* [Listed records]:
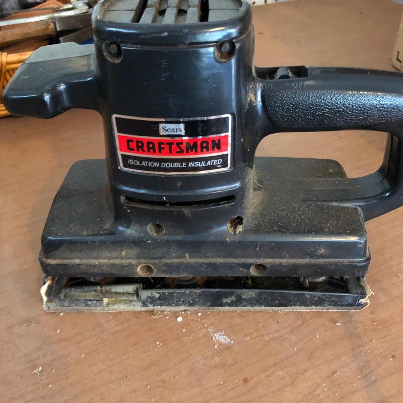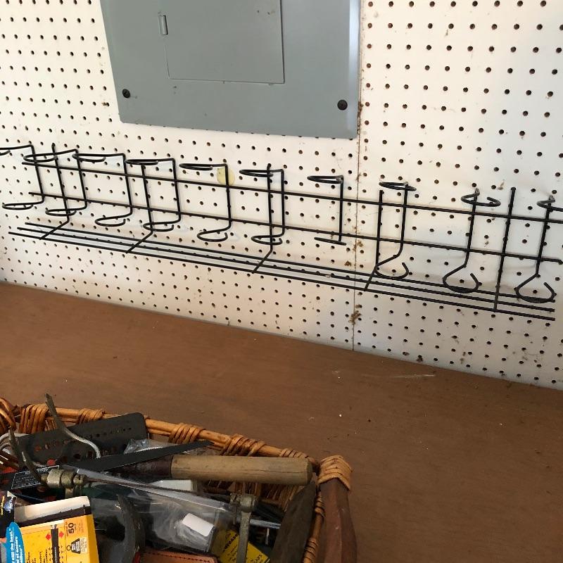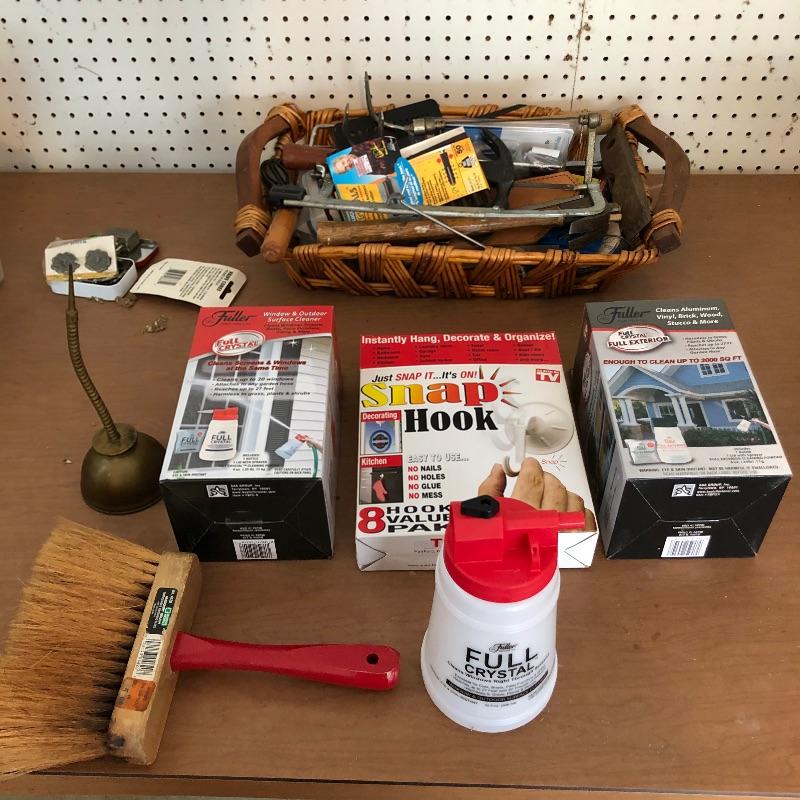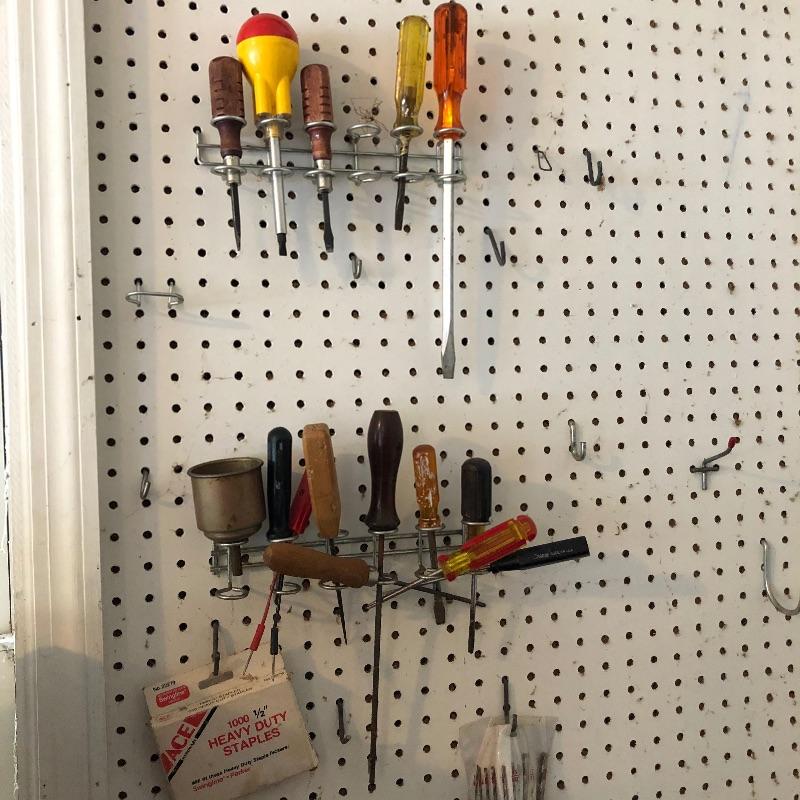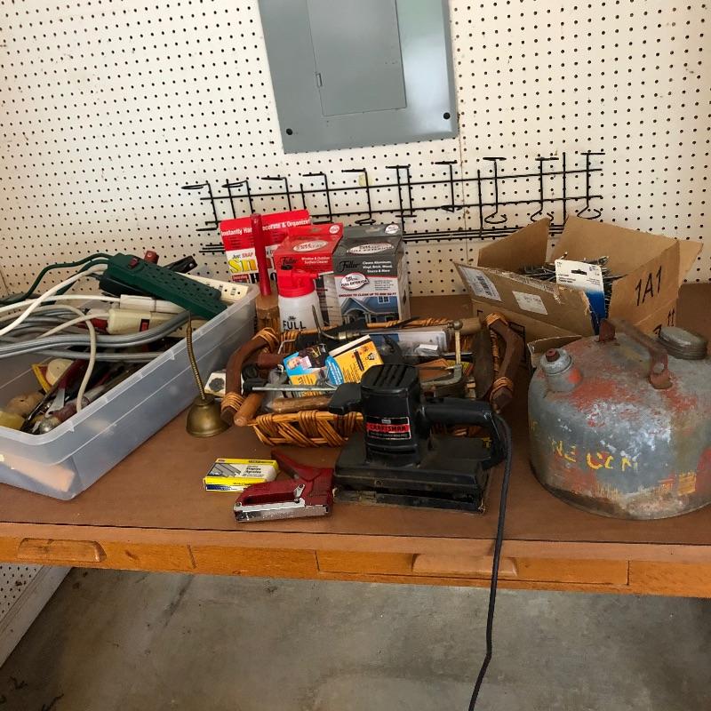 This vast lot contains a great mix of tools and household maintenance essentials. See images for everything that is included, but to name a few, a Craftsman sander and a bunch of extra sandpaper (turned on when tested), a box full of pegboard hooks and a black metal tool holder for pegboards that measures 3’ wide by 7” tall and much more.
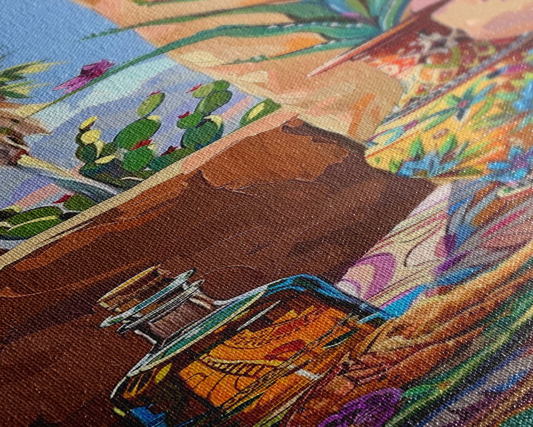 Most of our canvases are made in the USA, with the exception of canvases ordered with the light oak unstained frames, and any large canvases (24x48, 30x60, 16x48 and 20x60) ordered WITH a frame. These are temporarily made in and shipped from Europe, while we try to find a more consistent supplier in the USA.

* * *

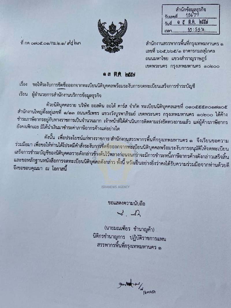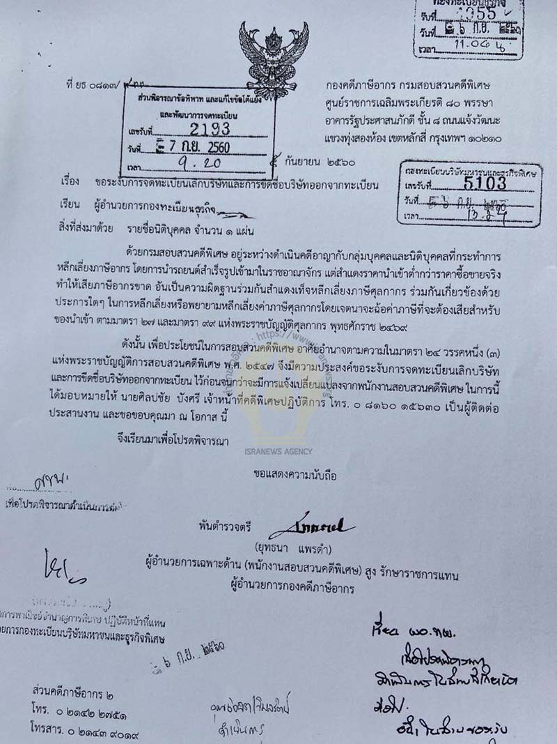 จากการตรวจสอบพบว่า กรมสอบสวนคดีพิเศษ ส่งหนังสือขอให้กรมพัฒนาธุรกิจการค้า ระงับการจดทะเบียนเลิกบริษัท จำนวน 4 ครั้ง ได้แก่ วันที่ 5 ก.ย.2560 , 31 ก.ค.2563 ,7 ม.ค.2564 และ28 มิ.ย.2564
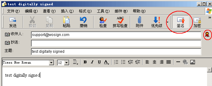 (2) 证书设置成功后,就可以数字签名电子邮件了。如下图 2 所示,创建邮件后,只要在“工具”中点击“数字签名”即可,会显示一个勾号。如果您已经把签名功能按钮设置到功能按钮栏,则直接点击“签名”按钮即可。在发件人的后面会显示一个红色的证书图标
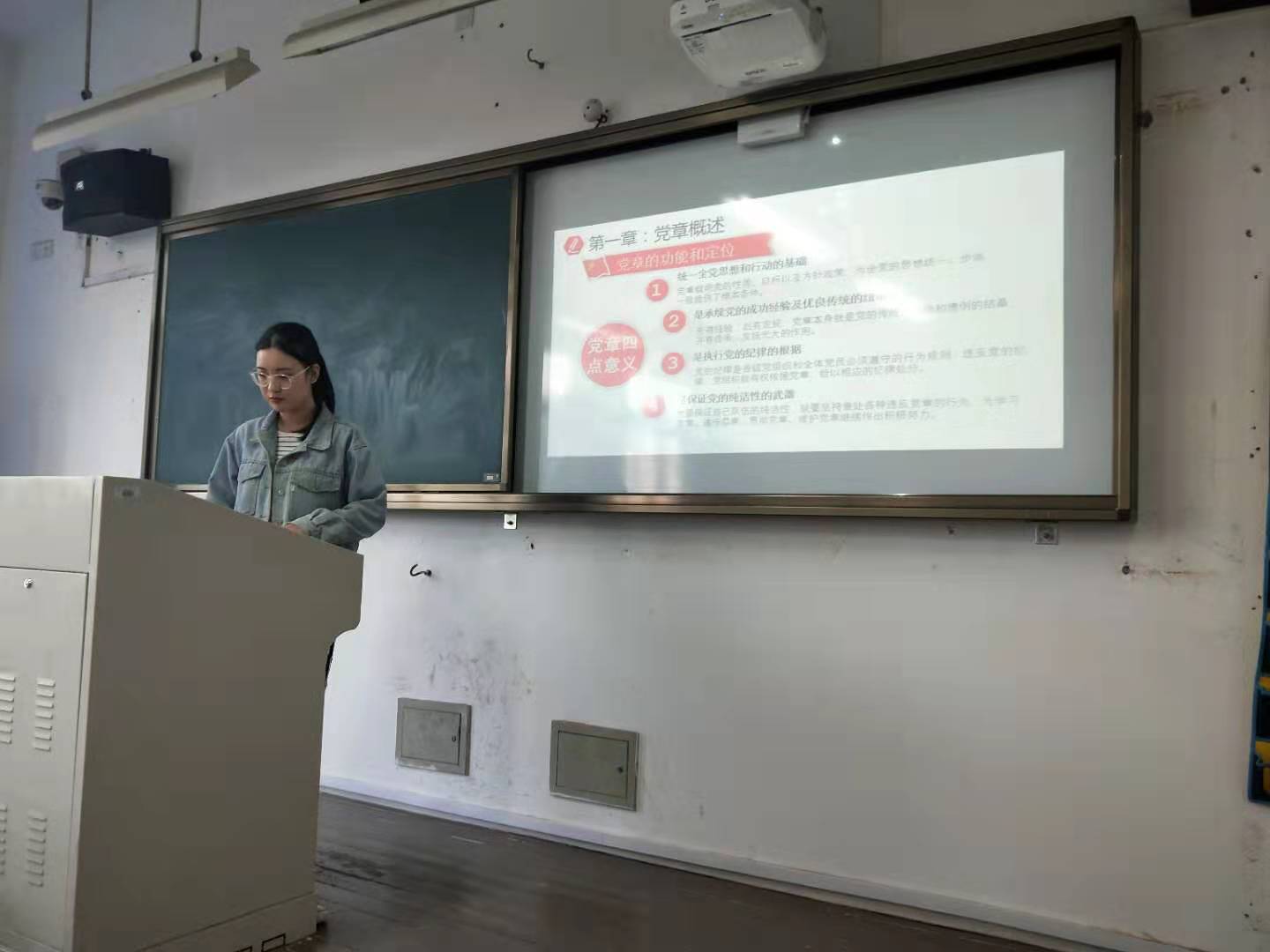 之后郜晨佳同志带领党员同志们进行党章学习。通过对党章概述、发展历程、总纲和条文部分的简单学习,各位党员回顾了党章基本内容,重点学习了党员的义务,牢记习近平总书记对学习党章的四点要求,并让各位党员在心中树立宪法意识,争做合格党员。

--

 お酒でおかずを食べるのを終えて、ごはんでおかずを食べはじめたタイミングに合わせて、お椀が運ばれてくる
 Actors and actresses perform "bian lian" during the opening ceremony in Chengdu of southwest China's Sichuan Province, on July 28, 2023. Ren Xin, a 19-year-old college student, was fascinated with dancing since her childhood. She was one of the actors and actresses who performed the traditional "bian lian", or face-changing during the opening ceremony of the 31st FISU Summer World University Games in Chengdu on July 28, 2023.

* [Exercise]:
Set down again, word for word, every line from the one with "This vast lot" to the one with "Most of our" in the entries above, and omit the pictures.

* [Task result]:
 This vast lot contains a great mix of tools and household maintenance essentials. See images for everything that is included, but to name a few, a Craftsman sander and a bunch of extra sandpaper (turned on when tested), a box full of pegboard hooks and a black metal tool holder for pegboards that measures 3’ wide by 7” tall and much more.
 Most of our canvases are made in the USA, with the exception of canvases ordered with the light oak unstained frames, and any large canvases (24x48, 30x60, 16x48 and 20x60) ordered WITH a frame. These are temporarily made in and shipped from Europe, while we try to find a more consistent supplier in the USA.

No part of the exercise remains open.